3 years ago, I want Canon 50 Mm. F/ 1.4 which $ 100 US Dollars Cheaper than Sigma, But , after I read the PRO review, I buy this Sigma Lens.

http://www.amazon.com/Sigma-50mm-Canon-Digital-Cameras/dp/B0018ZDGAC/ref=sr_1_1?ie=UTF8&qid=1417959948&sr=8-1&keywords=sigma+50mm+for+canon

http://www.dpreview.com/lensreviews/sigma_50_1p4_c16/

Good Luck.
Surapon


----------



## jdramirez (Dec 7, 2014)

I think 35 mm on crop is a bit more functional. 50mm (80mm with 1.6 crop factor) can be a touch long... ditto with the 85mm. But the 85 does a really nice job... though there is some purple fringing... the f/1.8 50 does feel cheap, and it is loud, but it is really sharp and nice around f/2.8. Which is probably why I would suggest going with the 40mm. F/2.8 is sharp, it isn't as long as the 50 or the 80, and cheaper than most of the canon 35mm options.

As for the f/1.4 50mm... the auto focus is faster and quieter, but it is fragile. If you don't drop it... it will be fine... but if you do drop the lens, the AF groove can be misaligned and never be right again. I hated the 50mm f/1.4 because I was afraid of breaking it.


----------



## mrzero (Dec 8, 2014)

We're all assuming you're on a crop sensor (Rebel, 60D, 70D, 7D series, etc.). If not, adjust accordingly.

I would suggest two primes, so you can play around a bit at both the wide and long(ish) ends of the normal zoom range. 

I'm surprised nobody has mentioned the new 24mm 2.8 EF-S STM pancake lens. I think it would be good for you to consider. The focal length is equivalent to 38mm on a full-frame or film camera (your old Nikon, perhaps?), and the price is about $150 US. It would be good for candid pictures.

The 50mm 1.8 is a great lens despite the similarly cheap price. On crop, it will be equivalent to 80mm. If you shoot at 1.8, it will have soft blurry backgrounds (bokeh) and a very narrow slice of focus. It would be good for portraits and low-light shooting. It is also about $125 or so. The 40mm is another option, but it will be a little bit shorter, have a little less bokeh, and not as good in low light, but it really isn't much different in size or price. The only big difference is that the 40mm is STM focus, which is smoother and quieter if you shoot a lot of video on your DSLR. 

An 85mm would be pretty long on a crop camera, more intended for headshot-type portraiture. It is the equivalent of 136mm, which is a good bit of reach and can get awkward if you don't have enough room.


----------



## Mt Spokane Photography (Dec 8, 2014)

With your Canon T3, I'd recommend a 35mm f/2 IS as your first prime. Its close to the normal focal length for a crop sensor. It will also be a great lens for video or on a full frame body. I presume your previous post about a upgrade means you will stay with crop bodies.
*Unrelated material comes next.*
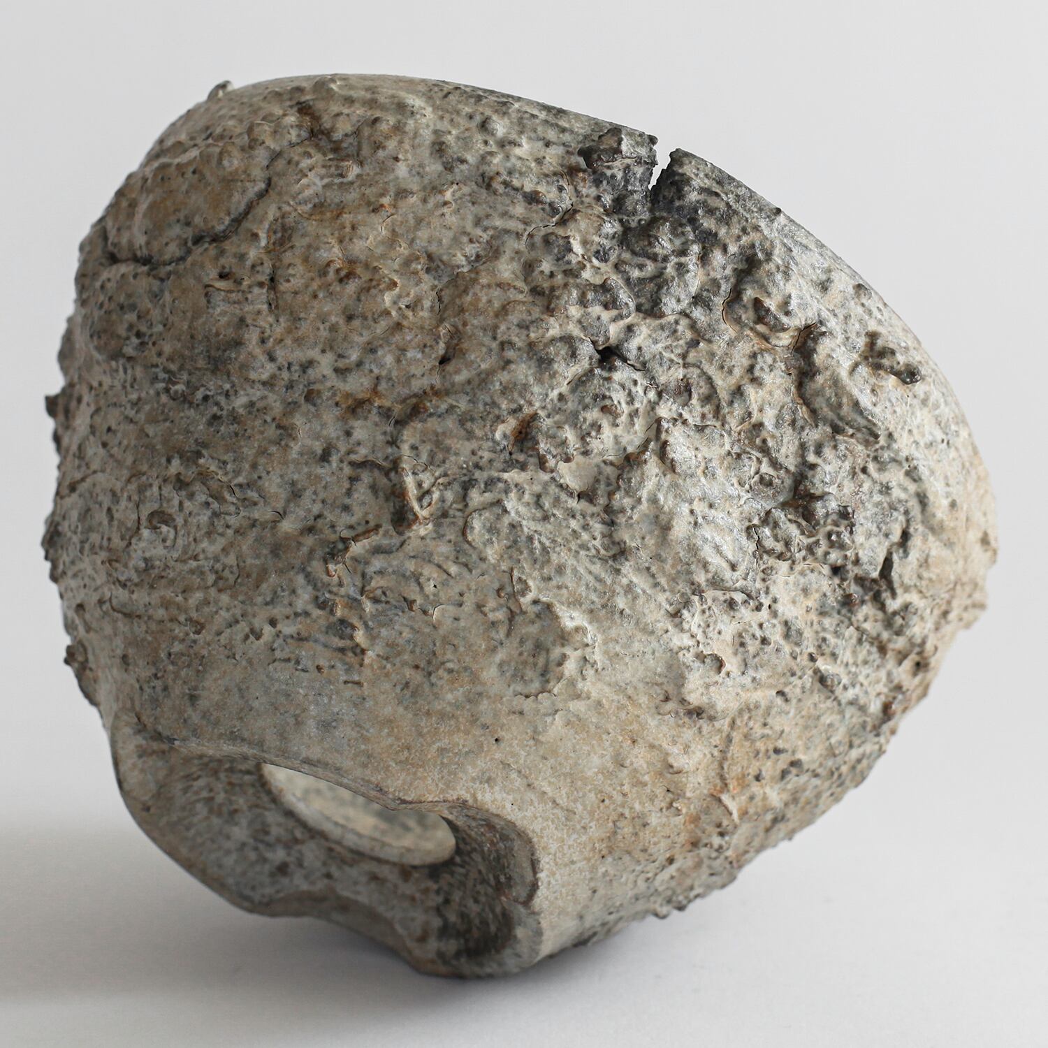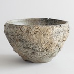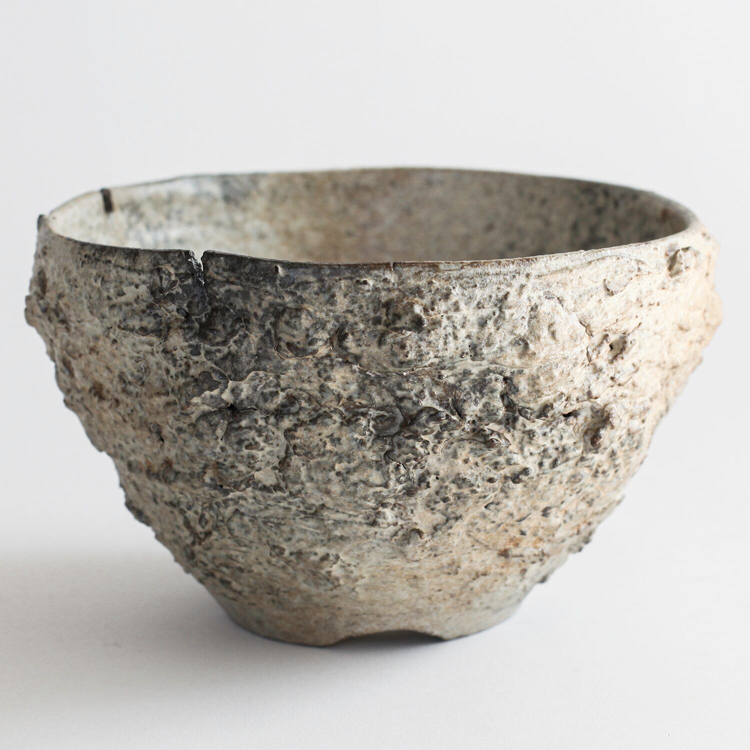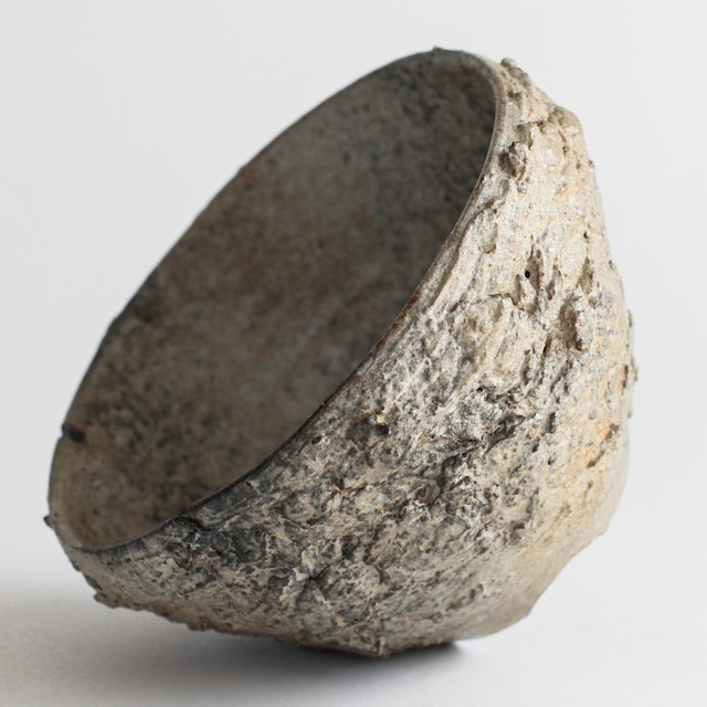形状も均一ではなく、わずかに歪みや傾きが残されており、手仕事ならではの不均衡さが強く表れています。整いすぎない輪郭と荒れた肌が相まって、無機質でありながらもどこか有機的な存在感を持った器に仕上がっています。

There are some good deals on 70D's right now, and there will be more as Christmas approaches.


----------



## FTb-n (Dec 9, 2014)

Mt Spokane Photography said:


> With your Canon T3, I'd recommend a 35mm f/2 IS as your first prime. Its close to the normal focal length for a crop sensor. It will also be a great lens for video or on a full frame body. I presume your previous post about a upgrade means you will stay with crop bodies.


+1

I love my 35 f2.0 IS lens. It's sharp, bright (more than a stop brighter than the 70-200 f2.8L II) and focuses much quicker than the old non-IS version. At a 56 mm "full frame equivalent", it's a good normal lens for crop. The f2.0 and IS will give you great low light potential.

If you're looking for something cheaper, I can also recommend the 40 f2.8 pancake. Also very sharp.

If you want something wider, look at the new 28 f2.8 IS or the new EF-S 24 f2.8 STM. I can't speak from experience, but these have been favorably compared to the 35 IS and the 40.

As for 50 mm lenses, I'd wait. Canon is expected to replace the 1.8 and/or the 1.4. They are old, tired, and soft compared to the new primes that Canon has introduced (at least wide open). With the recent IS versions of the 28 and 35, I'm hoping for IS 50 f1.8 or faster -- maybe by next spring?? I know, wishful thinking.


----------



## pcdebb (Dec 11, 2014)

Thank you all so much for your feedback! I'm kinda sorta on a budget but at the same time I want to get something that will last. I'm usually very good at protecting my electronics, and like some said, I can get the 50 1.8 and not be such a big hit to the wallet. I used a 35 1.8 with Nikon and swore by it.

The next on the list is maybe a wide angle, more for landscapes, sunsets, etc.


----------



## Spiros Zaharakis (Dec 11, 2014)

If you are on a tight budget I recommend getting the 24 f2.8STM pancake and the 50 f1.8. Total cost will be less than buying one of the more expensive lenses and you will get amazing results for the money. If you can spend more, opt for the better built 50 f1.4 instead.


----------